Capítulo O3 | Panacas

223 26 107
                                    

[Sammy] 

Sempre me questionei o porquê de eu me chamar Sammy. Meus pais não poderiam ter escolhido algo como Samuel ou simplesmente Sam? Meu irmão, por outro lado, ficou com o mais comum. Sky Richard Fray, o gêmeo.

Apesar de todo mundo dizer que éramos iguais, as diferenças para mim se mostravam totalmente perceptíveis. Por exemplo: Sky era mais alto e possuía olhos verdes enquanto os meus castanhos. Nossa genética era bem parecida e, se ele não malhasse todo dia para configurar os gominhos na barriga e bíceps travados, com certeza seria magrelo como eu. O que mais divergia eram nossas personalidades. Sky, o típico popular do colégio sempre conquistando respeito dos populares e tendo uma pá de garotas agarradas ao pescoço. Seu talento para esportes era tão notável que ninguém ousava lutar pelo título de capitão do time de futebol americano. Provavelmente, se continuasse naquele ritmo, ganharia bolsa em alguma faculdade grande no ano que vem. Eu era mais introvertido, apreciando a companhia de livros e mantendo-me fora dos holofotes. As vantagens de ser invisível: não havia uma comparação massiva entre nós no colégio. Qualquer um com boa memória fotográfica e senso de distinção saberia diferenciar o irmão famoso do impopular. Nem os professores se confundiam. E eu mal tinha um círculo extenso de amizades também. Alaska Marie Willson era simplesmente a melhor amiga que uma pessoa poderia ter, seus defeitos e qualidades a tornavam mais próxima do meu entendimento. Jamais me cansaria de saber mais da baixinha que ela mesma. Nos conhecemos no jardim de infância e desde então não nos separamos. E definitivamente não fui apaixonado por ela como na maioria dos clichês contados. Nosso laço se resumia a uma amizade maior que um grande amor.
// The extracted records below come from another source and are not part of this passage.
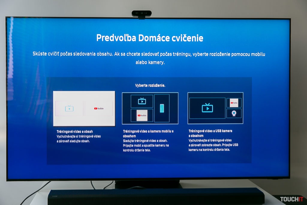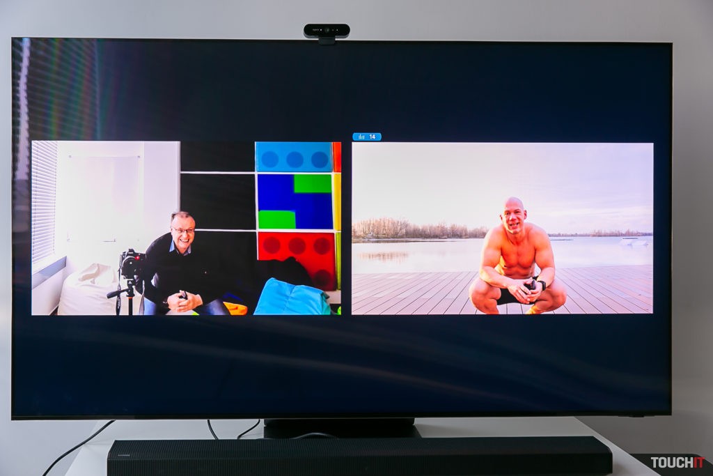 Špecialitou je potom pripojenie USB webovej kamery k televízoru čím získate ďalšie využitie napr. pri komunikačných programoch s tým, že vašich partnerov vidíte na obrovskom displeji televízora. Samsung v aplikáciách pre televízor podporuje napr. Google Duo. Výhodou je, že v tomto prípade kamera automaticky sleduje vašu tvár a zobrazení ste stále v ideálnom uhle. Ale cez zrkadlenie pokojne môžete používať na komunikáciu napr. Teams po pripojení notebooku alebo smartfónu.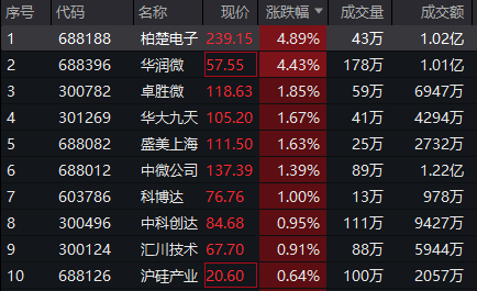 涨幅方面,柏楚电子、华润微涨超4%,卓胜微、华大九天、中微公司等股涨超1%。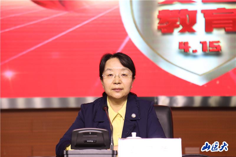 赵文军在主持讲话中指出,当今世界正处于百年未有之大变局,我国面临的安全形势越来越严峻复杂,维护国家安全和社会稳定任务日益繁重艰巨,每个人都要树立起维护国家安全的意识,作为山医人,一定要胸怀“国之大者”,挺膺担当,将维护国家安全的信念篆刻在心中,为国家安全建设事业贡献青春力量。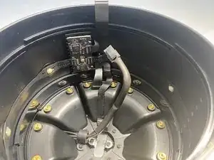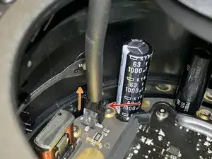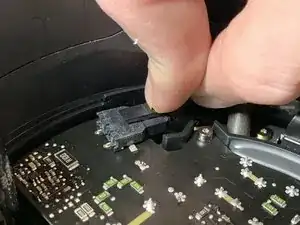 Другой рукой залезьте внутрь и нажмите на язычок разъёма, затем потяните прямо вверх, чтобы отключить динамик от платы усилителя.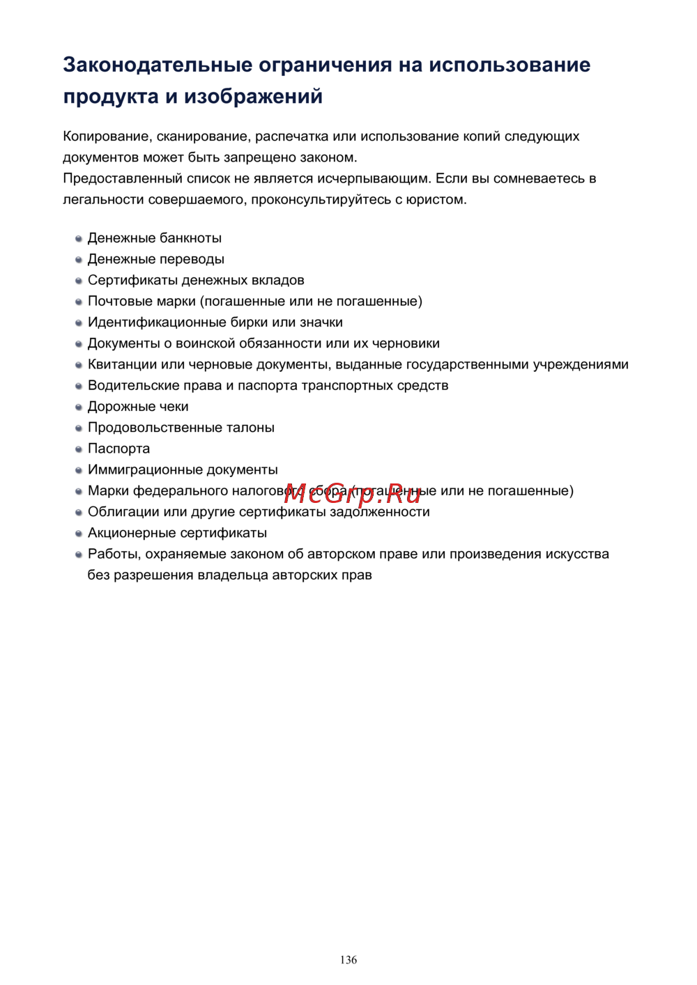 Canon PIXMA MG2545 — законодательные ограничения на использование документов и изображений [136/638]

Sobre minha monótona vida, não tinha muito o que dizer. Nasci e cresci em Skarye Fall. Eu era o tipo de menino que sentava em uma das primeiras fileiras da sala de aula e esforçava-se para conseguir uma nota acima da média ao fim do semestre. Nada do tipo que beijava meninas no armário do zelador ou curtia festas na casa dos colegas de classe — como Sky fazia. Grato por não ser reconhecido e nem convidado para muitos eventos, afinal, preferia de estar atrás dos bastidores. De qualquer modo, essas pessoas que rodiavam meu gêmeo eram, em sua maioria, superficiais e interesseiras. Mais valia uma amiga como Alaska que outras do tipo mencionado. Também, por mais estranho que pareça, nunca me apaixonei. Nenhuma paixonite ou amor platônico — nem no fundamental. Se eu tivesse que dizer o tipo de garota que me agradava, não saberia responder. Ainda não achei nenhuma que fizesse meu coração disparar. Sequer beijei. Quanto a minha família, meu pai morreu num acidente de carro quando eu tinha cinco anos. Aos oito, mamãe arrumou um substituto: Todd. Nunca gostei dele — não por ciúme da minha mãe, eu apenas... não gostava. Sky o venerava. Metade das conversas deles giravam em torno de esportes. Sky. o garotinho de ouro de todos com todo mérito para o título.

Inclusive, avistei-o naquele exato momento entrando na sala do treinador. O colégio não era tão ruim quando Alaska estava para me fazer companhia, mas sem ela... O que fez com a prima do mal foi errado, eu sei. Só não apoiei a ideia de ela estar presa em casa e eu no ninho de... estudantes. As primeiras aulas passaram meio arrastadas, tanto que nem consegui prestar atenção nas palavras do senhor Jones falando do aquecimento global e nem dar trela ao falatório de romantismo da professora Roberts. Na terceira eu já estava mais focado, embora soubesse que o tempo demorava passar mesmo que meus olhos não estivessem checando o relógio a cada minuto. Sobrevivi até o almoço. No refeitório, peguei uma bandeja azul-escuro, coloquei leite e uma maçã. Meu apetite não estava lá essas coisas tendo o universo contra mim. Soube no momento que me virei para ir até minha costumeira mesa junto aos isolados e todos os lugares estavam ocupados. Pensei em jogar a bandeja no lixo e ir embora, mas odiaria desperdiçar o alimento. Talvez eu pudesse, só dessa vez, dispensar o almoço. Ou comer debaixo dos corredores da escola.